El Servicio Meteorológico Nacional prevé temperaturas de hasta 52 °C en el Valle de la Muerte y posibles récords en al menos doce estados del oeste
Redactor: Santiago Duarte
Editor: Karem Díaz S.
Una intensa cúpula de calor mantiene a cerca de 50 millones de personas bajo alertas meteorológicas en el oeste de Estados Unidos, donde las temperaturas podrían alcanzar niveles récord durante los primeros días de agosto. El Servicio Meteorológico Nacional advirtió que el episodio se extenderá desde el suroeste hacia las Montañas Rocosas y las Grandes Llanuras del norte.
Las previsiones sitúan el calor más severo en California, Arizona y Nevada, pero las anomalías térmicas también alcanzarán Utah, Montana, Wyoming y otros estados interiores. Al menos doce estados podrían registrar máximas diarias históricas entre el viernes 31 de julio y el martes 4 de agosto.

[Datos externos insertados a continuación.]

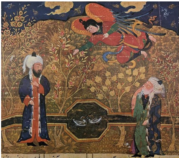
تصویر ۱. خاوران نامه، اعلان تمجید و امامت امام علی (ع) توسط جبرئیل به پیامبر (ص)، این روایت مذهبی در باغ به تصویر آمده است، حوض و آبراه، درخت انار با میوه‌های طلایی و گل انار، درخت شکوفه، آسمان لاجوردی و ابرهای طلایی ترکیبی از واقعیت و خیال در تصویرسازی است. مأخذ: Gray, 1995, 107

El pronóstico indica temperaturas entre 10 y casi 20 grados Fahrenheit superiores al promedio estacional. Esa diferencia equivale aproximadamente a entre 5,6 y 11,1 grados Celsius, no a veinte grados Celsius por encima de lo habitual.
La alta presión concentra el aire cálido sobre el oeste
La denominada cúpula o domo de calor se forma cuando una extensa zona de alta presión favorece el descenso del aire. Al comprimirse, el aire se calienta y dificulta la formación de nubosidad, mientras la circulación atmosférica mantiene la masa cálida sobre una misma región durante varios días.
La expresión describe el patrón atmosférico que sostiene el calor, mientras que la clasificación formal de una ola de calor depende de la duración, la extensión y la intensidad de las temperaturas respecto de los valores normales de cada territorio.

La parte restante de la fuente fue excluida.